Expect undermined and melting snow up high, snowshoes probably won't help.  Above treeline should be clear.


----------



## Mike P. (May 2, 2008)

I concur with Dave, I was just there last week.  A couple of weeks will raise the snow line some but unless it rains a ton & it's freakishly warm day & NIGHT (night is key, 24 hour melt cycles melt more than just daylight melting)

Some south facing trails will melt out a little faster & lower areas in hardwoods will be melted but higher fir & spruce areas will have a lot of snow in them.  (Between Willey & Field on Sunday (4/27) you could still end up in thigh deep spruce traps. 

If I was heading up Lafayette soon, I'd head up OBP since a lot of it does have some type of southern or SW aspect to it.


----------



## MichaelJ (May 4, 2008)

We were in the Pemi yesterday (Sat).
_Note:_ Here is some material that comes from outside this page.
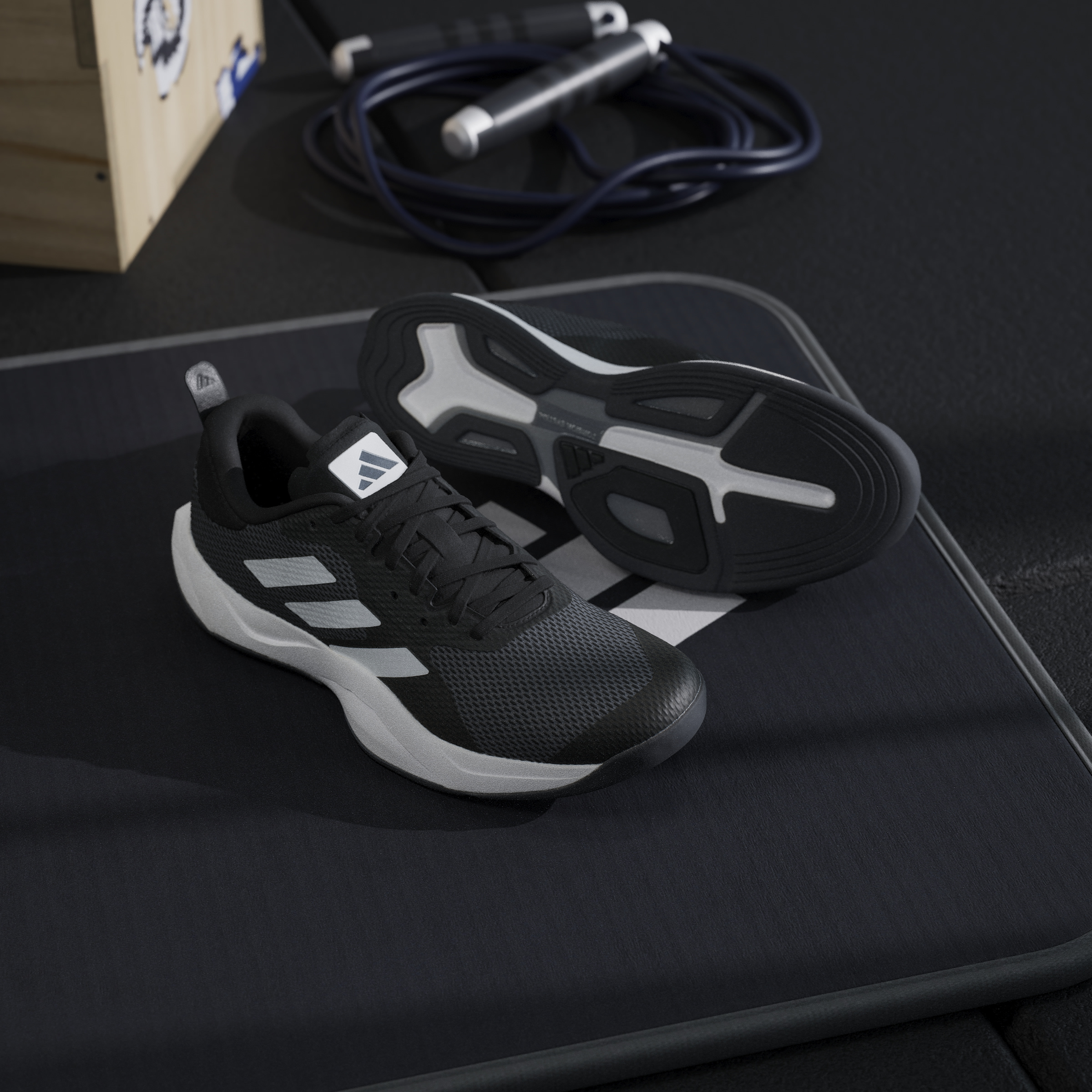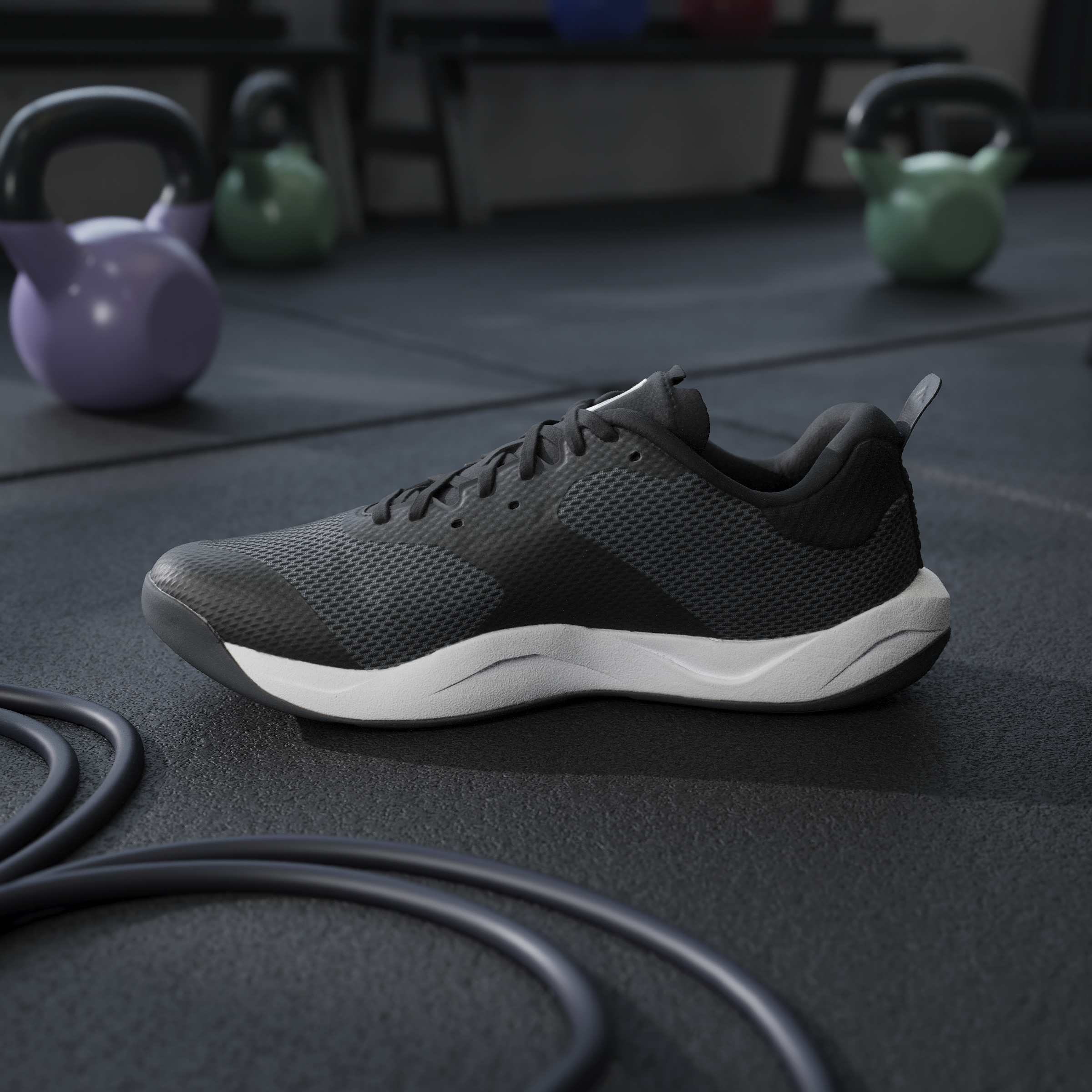 Don't train in your running shoes. The dynamic, multidirectional movements of HIIT require a dedicated pair. Like these agile, lightweight training shoes from adidas. The EVA midsole is tuned for comfort and support, and the asymmetrical Torsion System helps keep you stable during quick cuts and moves in all directions. Made with a series of recycled materials, this upper features at least 50% recycled content. This product represents just one of our solutions to help end plastic waste.

Below 3500' there were just spots of snow here and there where drifts collected, and if the trail passed through said spots, there was still a monorail. With the rain to soak down the snow then the cold overnight temps to firm it up the past few days, that monorail is firm enough to support you bareboot if you can step really, really carefully.

Above 3500' or so all is a gamble. There were trail sections where monorail would hold, spots where you would posthole no matter what you did, and up on the top of Owl's Head there were patches where you could step anywhere and be supported.

The real risk right now is where the trail is rocky or crossed with roots or blowdown. If you posthole in just the wrong spot, you can small a knee into one of those unseen obstacles. Repeatedly. Bleeding all over the snow.

Up high, snowshoes will still make a difference where the packed trail crosses snow drifts. I had to pull myself out of one which my compatriots (with MSR snowshoes) stepped right over.

Of course, it will all be different again by next weekend.


----------



## hikingslut (May 5, 2008)

Thanks for the advice.  I appreciate it.


----------